Note that we often write the components of rank (2,0) and (0,2) tensors as matrices (as for example when we write a metric) but this is a corruption of the proper notation. When we do so we are "kludging" a bit by invoking the transpose which is a highly basis dependent entity.
The best way to see the rank of a tensor is to contract with sufficient rank (0,1) and (1,0) vectors to get to a scalar. Under contraction the ranks of opposite type must cancel.
To get a scalar from a matrix you must multiply on the left by a row vector and on the right by a column vector.
If you have an object which maps 3 row vectors and two column vectors to a scalar then it is a rank (2,3) tensor since it cancels 2 rank (0,1) tensors and 3 rank (1,0) tensors whose product is then a rank (3,2) tensor. The (2,3) can cancel the (3,2) to yield a scalar.
The more proper statement is that matrices when used as linear operators are rank (1,1).
This is easiest to see and natural when you use index notation... (repeated indices in terms are summed over via Einstein's convention.)

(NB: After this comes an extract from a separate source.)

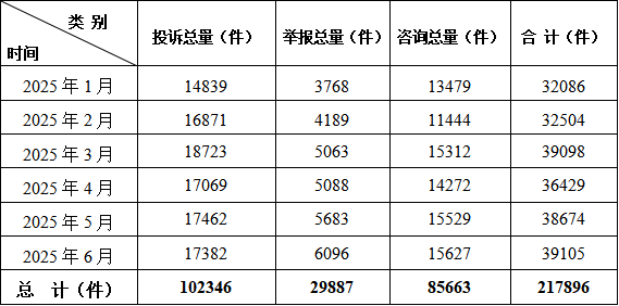 2025年上半年,从全省市场监管各级12315工作机构月受理消费者诉求情况看,每月投诉、举报、咨询平均受理量36316条,其中一月份受理诉求量最小,为32086件;六月份受理诉求量最大,为39105件。上半年投诉举报咨询整体增长的原因是太原、大同、朔州、忻州、吕梁、晋中、临汾7个市12315平台与12345热线平台去年年底对接后所致。

MA = B with M a matrix operator and A and B column vectors:
In component form:
(\sum_j)M^i_j A^j = B^i
If we really wanted to write a metric (on the space of column vectors) properly we should write it as a row vector of row vectors (rank (2,0) tensor).
g = ((2,0),(0,3))
A metric applied to one vector gives its "geometric transpose" or "orthogonal dual" (I'm sure there's a more proper name for this but it escapes me at the moment.):
g(X) = g\left(\begin{array}{c}x_1\\ x_2\end{array}\right)=( (2,0)\, , \, (0,3) )\left(\begin{array}{c}x_1\\ x_2\end{array}\right)= (2,0)x_1 + (0,3)x_2
= (2 x_1,3 x_2)
g has mapped a column vector to a row vector. Applying to two column vectors gives their dot product under that metric:
g(X,Y) = (gX)Y = (2x_1, 3 x_2)\left(\begin{array}{c}y_1\\ y_2\end{array}\right)=2x_1 y_1 + 3 x_2 y_2
Similarly a dual metric (rank (0,2)) would be written as a column vector of column vectors. I'll skip typesetting as it takes up too much space.
Typically we try to work in an ortho-normal basis (and as long as we're working with a Euclidean space) the metric will then in matrix form look like the identity matrix. In an ortho-normal basis then the matrix transpose will correspond to the "orthogonal dual".